Would it be possible to write out each entry below exactly, without the pictures?

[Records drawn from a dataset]
• • • • • • •

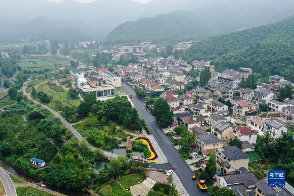 空中俯瞰浙江省安吉縣天荒坪鎮(zhèn)余村(2020年7月28日攝,無(wú)人機(jī)照片)。新華社記者 黃宗治 攝
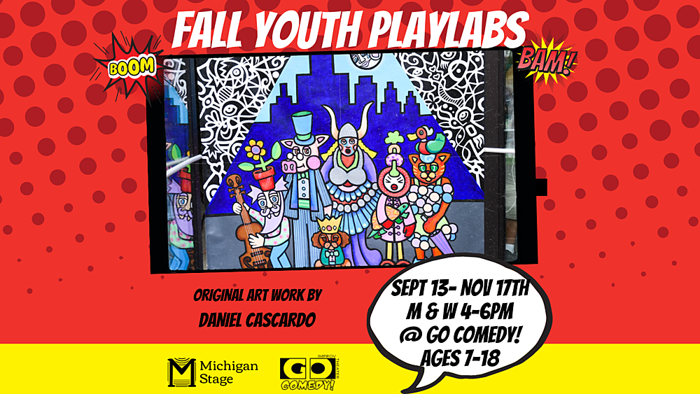 Coming this Fall 2021, Michigan Stage will offer Youth Playlab Programs at Go Comedy! for local youth ages 7-18. These semester length after-school programs will be focused on building performance skills through ensemble-based work, improvisation, and individualized coaching. Playlabs culminate with a student created original musical to be performed on the final day of the program.
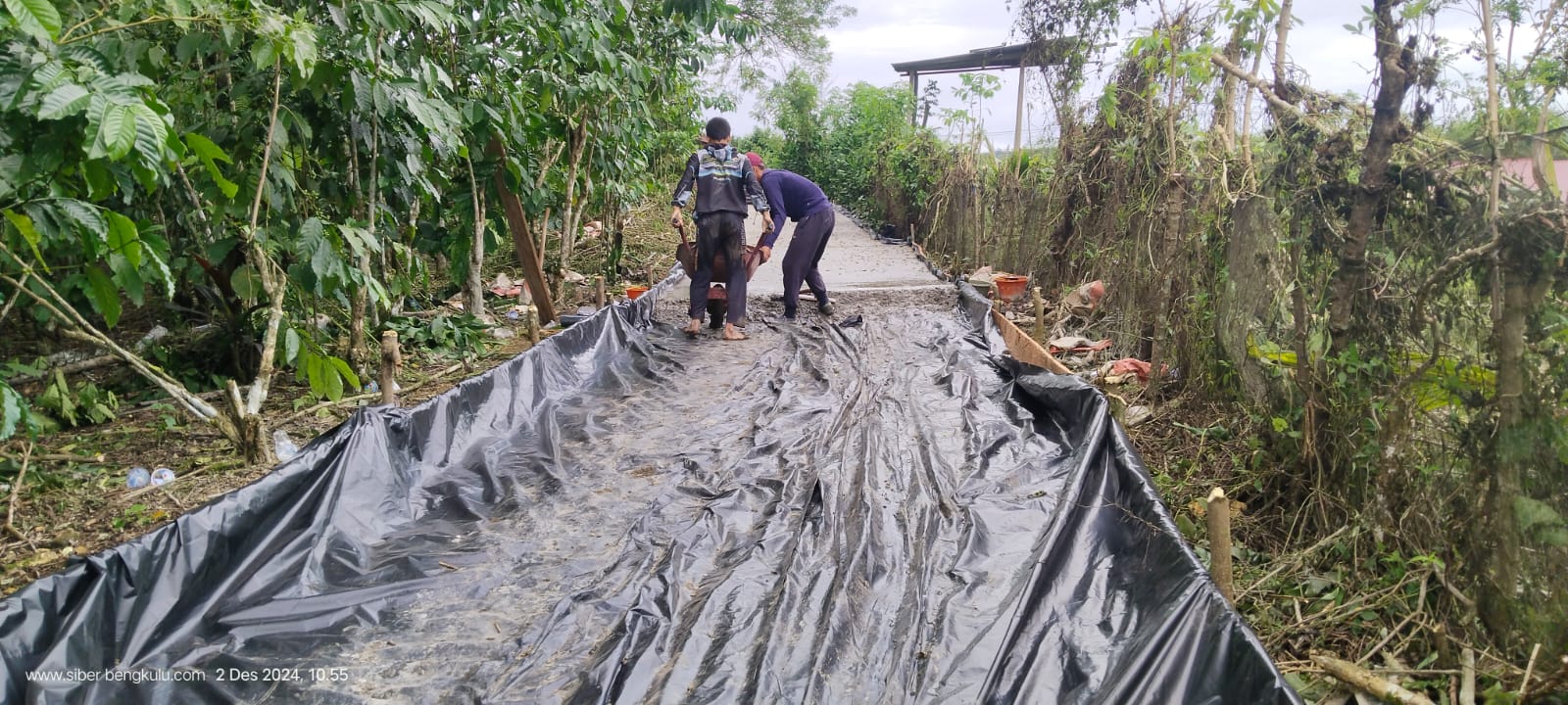 Pembangunan jalan Lingkungan RT 01 Kelurahan Ujan Mas, Senin (02/12). Foto: Ibnu/Siberbengkulu.co
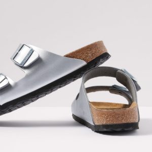 Silver metallic leather gives an eye-catching update to these iconic Birkenstock sandals, featuring an adjustable two-strap design and a comfy cork footbed.
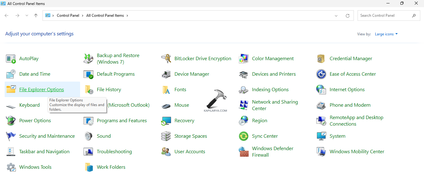 步驟1-打開控制面板 > 文件資源管理器選項。
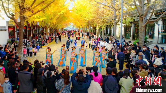 11月中下旬,在甘肅省天水市秦州區(qū)“黃金大道”上演了“絲路舞姿”,舞蹈是由秦州區(qū)文旅局組織的舞蹈隊(duì)帶來(lái)的舞蹈《絲路》《醉太平》和《萬(wàn)疆》等。該路段由于216株銀杏樹的金黃色樹葉彼此參差相連,宛如兩條“黃金色帶”在道路兩側(cè),所以被當(dāng)?shù)鼐用穹Q為“黃金大道”。
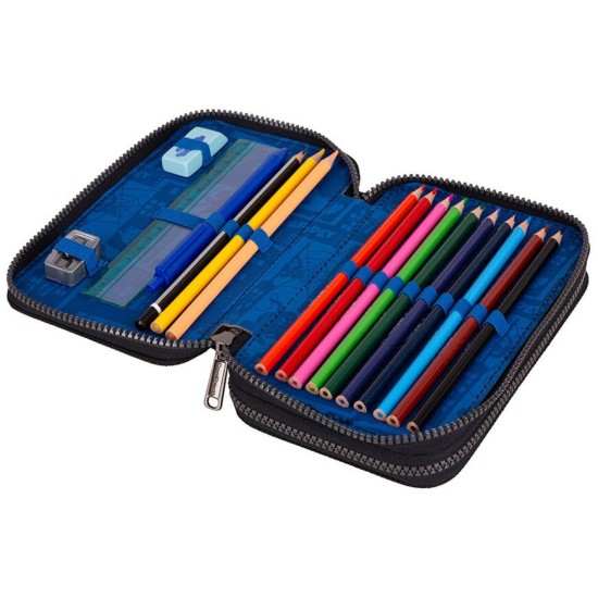 Vybavený 2 zipý školní penál CoolPack Jumper 2 Obsahuje: • trojhranné pastelky Colorino 12 ks • barevné fixy Colorino 18 ks • trojhranná tužka HB Colorino 1 ks • kuličkové pero Patio Base 1 ks • pravítko 15 cm • pryž Colorino • ořezávátko
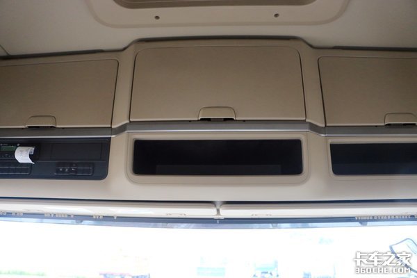 驾驶室顶部安装有三个大容积的储物格和两个容积稍小的储物槽,足够装得下两个驾驶员的各类日常生活用品。
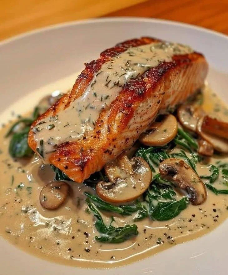 A rich and elegant salmon dish featuring crispy pan-seared fillets served with a creamy garlic sauce infused with mushrooms, spinach, herbs, and a touch of Parmesan. Perfect for a quick yet impressive dinner — ready in under 30 minutes!
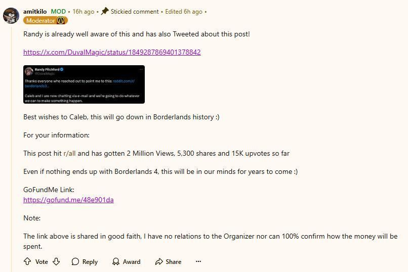 虽然Caleb知道这种事情的可能性并不大,但他还是想尝试一下。而好消息很快传来,《无主之地》系列的开发商Gearbox的CEO Randy Pitchford得知了此事,他在推特上发文表示已经与Caleb通过电子邮件联系上了,并且承诺“会尽一切可能去达成”。
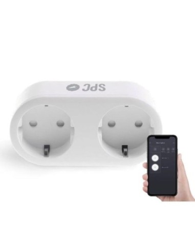 ENCHUFE INTELIGENTE PARA UNA DOBLE CARGA SPC Clever Plug Dual es la solución perfecta para los que quieren aprovechar al máximo el espacio ya que este enchufe inteligente Wi-Fi te permite conectar dos dispositivos a la vez. Además, como es inteligente, te permite enchufar cualquier electrodoméstico y controlarlo desde la app SPC IoT, en cualquier momento y desde cualquier lugar. CREA RUTINAS Y CONSIGUE LA MÁXIMA COMODIDAD Acabas de llegar a casa después de una jornada de trabajo y solo piensas en descansar en el sofá de casa; pero tienes que poner la lavadora, el lavavajillas Con los enchufes inteligentes podrás establecer reglas de encendido y apagado o activar y desactivar tus aparatos desde el salón o desde cualquier otro sitio con tu smartphone. ¡Descubre todas las posibilidades que tienes a tu alcance! COMPATIBLE CON LOS PRINCIPALES ASISTENTES DE VOZ Puedes vincular tu enchufe inteligente con Google Home y Amazon Alexa con la skill y action de la app SPC IoT. Aprovéchate al máximo de la comodidad que te ofrecen los Asistentes de Voz y crea un hogar completamente inteligente. CONTROLA TU CONSUMO ELÉCTRICO Y AHORRA DINERO ¿Recuerdas esos días en que la calefacción se enciente aunque no haya nadie en casa y sientes que estás desperdiciando energía y dinero? Con la posibilidad de apagar o encender tus aparatos eléctricos remotamente gracias al uso de un enchufe inteligente hubieras consumido menos energía y ahorrado dinero a final de mes. También podrás monitorizar el consumo de cada aparato para un uso más eficiente. Especificaciones Wifi 2.4GHz. Fuente de alimentación 230V. Potencia máxima: 3680W. Dimensiones: L105xAlt50xA44 mm. Contenido de la caja: enchufe inteligente y guía rápida. Compatible con Android. IOS. Amazon Alexa. Google Assistant.
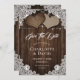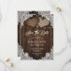 Komplettera din romantiska, rustiska bröllopsfest med dessa vackra brickor och snöre bröllop spara datum-kort med två burlap-hjärtan på en lada-träbakgrund som dekoreras med strängen ljus och vit blommigt snöre. Matchande objekt är tillgängliga.
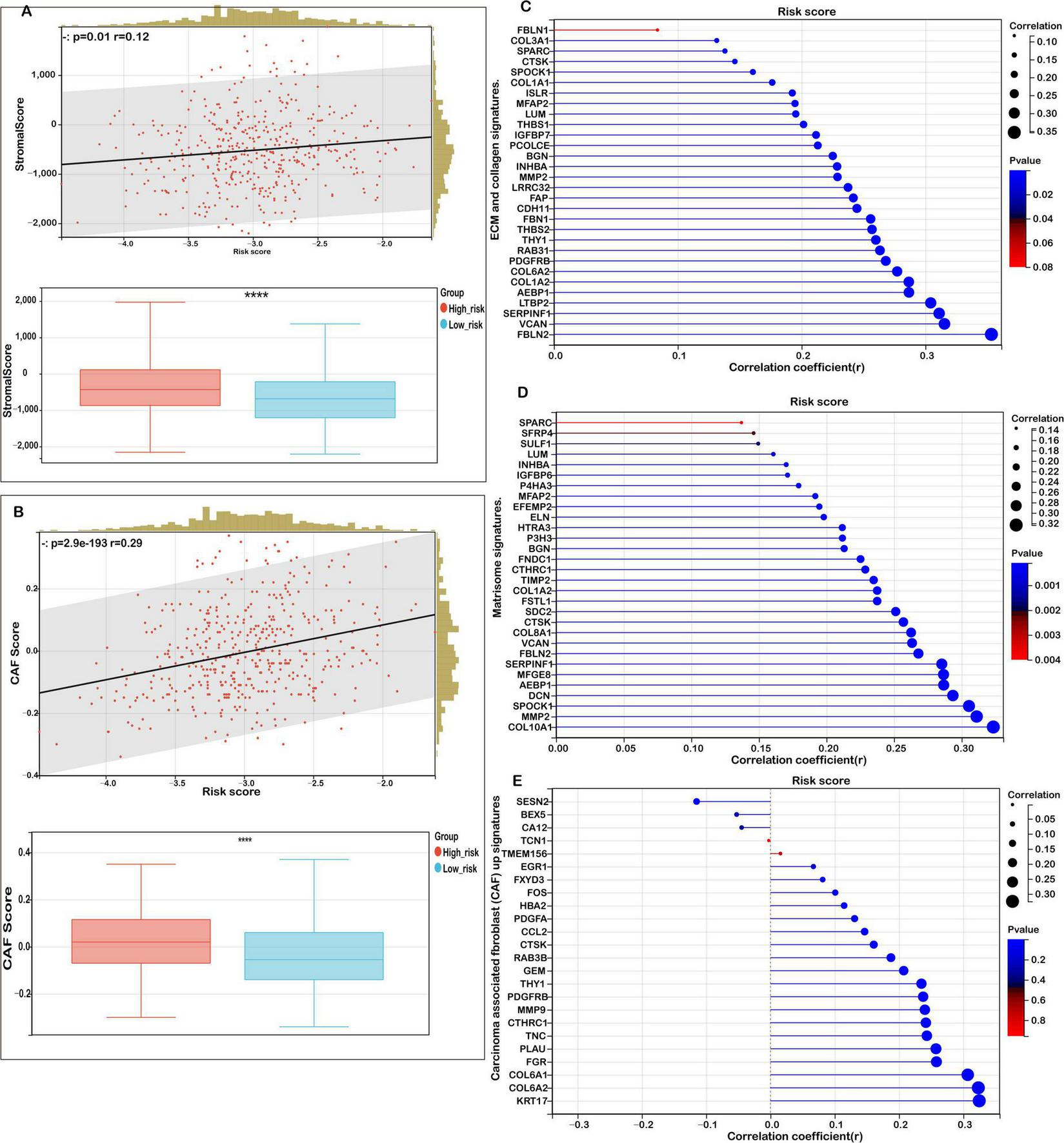 Correlation between risk score and tumor microenvironment (TME) signatures in COAD. (A) Correlation analysis between stromal score and risk score, with distribution comparisons between low- and high-risk groups. (B) Analysis of the relationship between carcinoma-associated fibroblast (CAF) score and risk score, with distribution comparisons between low- and high-risk groups. (C) Correlation of risk scores with extracellular matrix (ECM) and collagen gene signatures. (D) Correlation between risk scores and matrisome gene expression. (E) Association of the risk score with upregulated and downregulated CAF signatures. Statistical significance is marked as ****P < 0.0001.

• • • • • • •

* _Written solution_
 空中俯瞰浙江省安吉縣天荒坪鎮(zhèn)余村(2020年7月28日攝,無(wú)人機(jī)照片)。新華社記者 黃宗治 攝
 Coming this Fall 2021, Michigan Stage will offer Youth Playlab Programs at Go Comedy! for local youth ages 7-18. These semester length after-school programs will be focused on building performance skills through ensemble-based work, improvisation, and individualized coaching. Playlabs culminate with a student created original musical to be performed on the final day of the program.
 Pembangunan jalan Lingkungan RT 01 Kelurahan Ujan Mas, Senin (02/12). Foto: Ibnu/Siberbengkulu.co
 Silver metallic leather gives an eye-catching update to these iconic Birkenstock sandals, featuring an adjustable two-strap design and a comfy cork footbed.
 步驟1-打開控制面板 > 文件資源管理器選項。
 11月中下旬,在甘肅省天水市秦州區(qū)“黃金大道”上演了“絲路舞姿”,舞蹈是由秦州區(qū)文旅局組織的舞蹈隊(duì)帶來(lái)的舞蹈《絲路》《醉太平》和《萬(wàn)疆》等。該路段由于216株銀杏樹的金黃色樹葉彼此參差相連,宛如兩條“黃金色帶”在道路兩側(cè),所以被當(dāng)?shù)鼐用穹Q為“黃金大道”。
 Vybavený 2 zipý školní penál CoolPack Jumper 2 Obsahuje: • trojhranné pastelky Colorino 12 ks • barevné fixy Colorino 18 ks • trojhranná tužka HB Colorino 1 ks • kuličkové pero Patio Base 1 ks • pravítko 15 cm • pryž Colorino • ořezávátko
 驾驶室顶部安装有三个大容积的储物格和两个容积稍小的储物槽,足够装得下两个驾驶员的各类日常生活用品。
 A rich and elegant salmon dish featuring crispy pan-seared fillets served with a creamy garlic sauce infused with mushrooms, spinach, herbs, and a touch of Parmesan. Perfect for a quick yet impressive dinner — ready in under 30 minutes!
 虽然Caleb知道这种事情的可能性并不大,但他还是想尝试一下。而好消息很快传来,《无主之地》系列的开发商Gearbox的CEO Randy Pitchford得知了此事,他在推特上发文表示已经与Caleb通过电子邮件联系上了,并且承诺“会尽一切可能去达成”。
 ENCHUFE INTELIGENTE PARA UNA DOBLE CARGA SPC Clever Plug Dual es la solución perfecta para los que quieren aprovechar al máximo el espacio ya que este enchufe inteligente Wi-Fi te permite conectar dos dispositivos a la vez. Además, como es inteligente, te permite enchufar cualquier electrodoméstico y controlarlo desde la app SPC IoT, en cualquier momento y desde cualquier lugar. CREA RUTINAS Y CONSIGUE LA MÁXIMA COMODIDAD Acabas de llegar a casa después de una jornada de trabajo y solo piensas en descansar en el sofá de casa; pero tienes que poner la lavadora, el lavavajillas Con los enchufes inteligentes podrás establecer reglas de encendido y apagado o activar y desactivar tus aparatos desde el salón o desde cualquier otro sitio con tu smartphone. ¡Descubre todas las posibilidades que tienes a tu alcance! COMPATIBLE CON LOS PRINCIPALES ASISTENTES DE VOZ Puedes vincular tu enchufe inteligente con Google Home y Amazon Alexa con la skill y action de la app SPC IoT. Aprovéchate al máximo de la comodidad que te ofrecen los Asistentes de Voz y crea un hogar completamente inteligente. CONTROLA TU CONSUMO ELÉCTRICO Y AHORRA DINERO ¿Recuerdas esos días en que la calefacción se enciente aunque no haya nadie en casa y sientes que estás desperdiciando energía y dinero? Con la posibilidad de apagar o encender tus aparatos eléctricos remotamente gracias al uso de un enchufe inteligente hubieras consumido menos energía y ahorrado dinero a final de mes. También podrás monitorizar el consumo de cada aparato para un uso más eficiente. Especificaciones Wifi 2.4GHz. Fuente de alimentación 230V. Potencia máxima: 3680W. Dimensiones: L105xAlt50xA44 mm. Contenido de la caja: enchufe inteligente y guía rápida. Compatible con Android. IOS. Amazon Alexa. Google Assistant.
 Komplettera din romantiska, rustiska bröllopsfest med dessa vackra brickor och snöre bröllop spara datum-kort med två burlap-hjärtan på en lada-träbakgrund som dekoreras med strängen ljus och vit blommigt snöre. Matchande objekt är tillgängliga.
 Correlation between risk score and tumor microenvironment (TME) signatures in COAD. (A) Correlation analysis between stromal score and risk score, with distribution comparisons between low- and high-risk groups. (B) Analysis of the relationship between carcinoma-associated fibroblast (CAF) score and risk score, with distribution comparisons between low- and high-risk groups. (C) Correlation of risk scores with extracellular matrix (ECM) and collagen gene signatures. (D) Correlation between risk scores and matrisome gene expression. (E) Association of the risk score with upregulated and downregulated CAF signatures. Statistical significance is marked as ****P < 0.0001.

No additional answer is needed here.